This is not wrong per se, but they also try to reduce/remove this giant lock as much as possible. If you see entries like "Unlocked socket splicing." in the changelog, then this is one more case where the giant lock is not needed and in which therefore all cores can be used.
I was looking at that thread and honest question: how does Qubes OS deal with the binary blob issue?
I would guess it is deblobbed to a certain extend according to [0]
But I couldn't find if they have a strict "no binary blob allowed" policy like OpenBSD.
The “kernel” in Qubes is arguably Xen rather than Linux, and that’s where the security boundaries are supposed to be defined rather than within VMs that may be running any OS. VM compartmentalization as a security mechanism is hard to compare to a more conventional Unix like OpenBSD.
It's not just Xen, it also relies on the hardware-assisted virtualization (VT-d), which is virtually unbreakable compared to anything else. Most Xen vulnerabilities do not even affect Qubes: https://www.qubes-os.org/security/xsa/#statistics
You misunderstand the Qubes' approach to security. You isolate your workflows into separate VMs, so that security of a single VM doesn't matter. For example, my secrets are stored in a dedicated offline VM. All kernel bugs in it are just not exploitable. I open my online banking in a dedicated VM, in which nothing else is ever opened. Which attack vector do you think can be used against that?
(This site is extremely good and has fairly recent coverage, point-by-point, of all OpenBSD's mitigations. An important subtext to take to this is that OpenBSD has a reputation for introducing mitigations that exploit developers make fun of. Some of them are great, some of them less so.)
The slides are over 6 years old. The developers' attitudes haven't changed much, but are all of the arguments still valid?
I've followed this discussion here and there over the years and it always goes like this:
1) everyone makes fun of the mitigations
2) many even outright assert they can easily defeat and exploit OpenBSD
3) nobody provides a working PoC when asked to demonstrate how insecure the OS is
And somewhere in the mix there's also you and your usual blabber, also without any substantial examples of how insecure and exploitable the OS is. Always.
I have now read all of the points in the mitigations section. Just like the slides, the commentaries to the mitigations willingly assert uselessness and imply a sense of absolute insecurity, but without specific or even general examples.
So I'm looking forward to your careful explanation of how insecure the whole thing is and how easily it can be dismantled. Because I really want and need to know. Let's talk.
Cool! Trying out new ideas is very good way to open mindsets, even if those systems aren't used regularly, they serve as inspiration for future improvements.
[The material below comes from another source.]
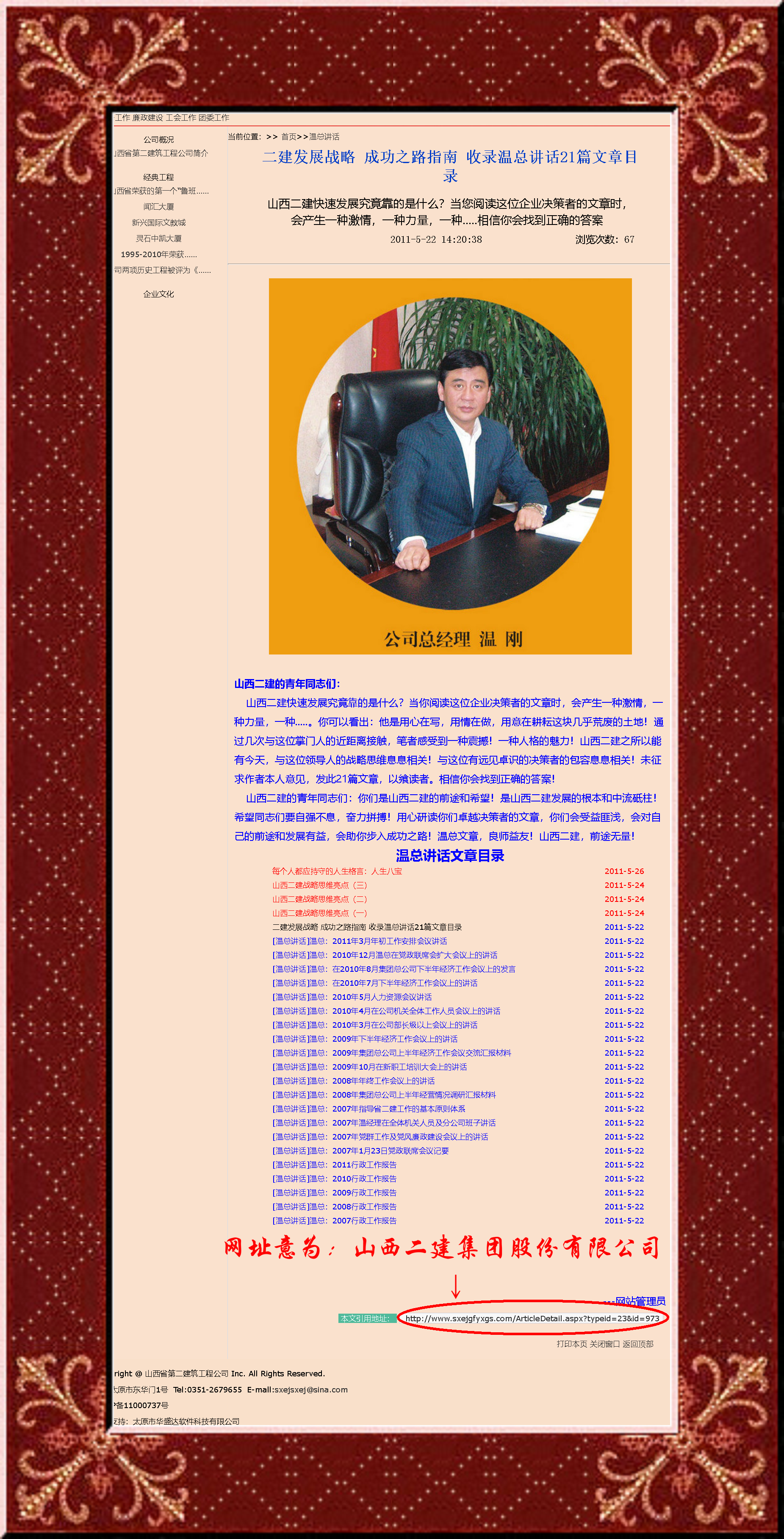 山西二建快速發(fā)展究竟靠的是什么?當你閱讀這位企業(yè)決策者的文章時,會產(chǎn)生一種激情,一種力量,一種.....。你可以看出:他是用心在寫,用情在做,用意在耕耘這塊幾乎荒廢的土地!通過幾次與這位掌門人的近距離接觸,筆者感受到一種震撼!一種人格的魅力!山西二建之所以能有今天,與這位領導人的戰(zhàn)略思維息息相關!與這位有遠見卓識的決策者的包容息息相關!未征求作者本人意見,發(fā)此21篇文章,以饗讀者。相信你會找到正確的答案!

It has some pluses, I miss an updated version of "The Design and Implementation of the FreeBSD Operating System", but it is understable there are other priorities and putting such a book out is lots of work for very little money, given how much book authoring gives back.
It's not even close! It's nearly two orders of magnitude higher for Linux.
This isn't anecdotal or “vague opinion” CVEs are facts.
You can ask the follow-up question: Why is that?
And there are many reasons.
It could just be that Linux having more users/eyes means more bugs are surfaced ...
But you need to dig deeper to understand why OpenBSD is so much more secure,
the core team of OpenBSD proactively reviews the security of other OSes and when they learn something, they rapidly implement the feature/fix in OpenBSD.
Again, read: https://en.wikipedia.org/wiki/OpenBSD_security_features
Many of the proactive security features OpenBSD has are not implemented by other OSes. And in the case of kernel-level Crypto, they won't ever be because US export restrictions.
> And there are many reasons. It could just be that Linux having more users/eyes means more bugs are surfaced
You really brushed that one off, uh? The ratio of linux devices to openbsd is quite literally a million to one. The ratio of tech companies invested in linux to companies invested in openbsd is roughly 50,000 to 1. The ratio of professional security researchers paid to find flaws in Linux vs OpenBSD is harder to quantify at the moment, but I think we can guess a trend here.
I can agree to a degree that OpenBSD takes security more seriously, and they have made very interesting design decisions to enforce their security model. But I entirely disagree that the number of "CVEs are facts" to back your opinion that it is superior.
> This isn't anecdotal or “vague opinion” CVEs are facts
No they aren't, they're data. Your source shows the amount of Linux CVEs in 2024 are an order of magnitude higher than the amount of Linux CVEs in 2023. Does that mean Linux became way more insecure in 2024? You imply it does, but that's obviously not true. What happened is that Linux changed how they report CVEs [0].
Just like your source doesn't say anything useful about the difference in CVEs in Linux, it doesn't say anything about the difference in CVEs between Linux and OpenBSD.
This announcement thread really isn’t the place to discuss or debate the data.
The OP stated they couldn’t find any data to compare the relative security of Linux vs. OpenBSD.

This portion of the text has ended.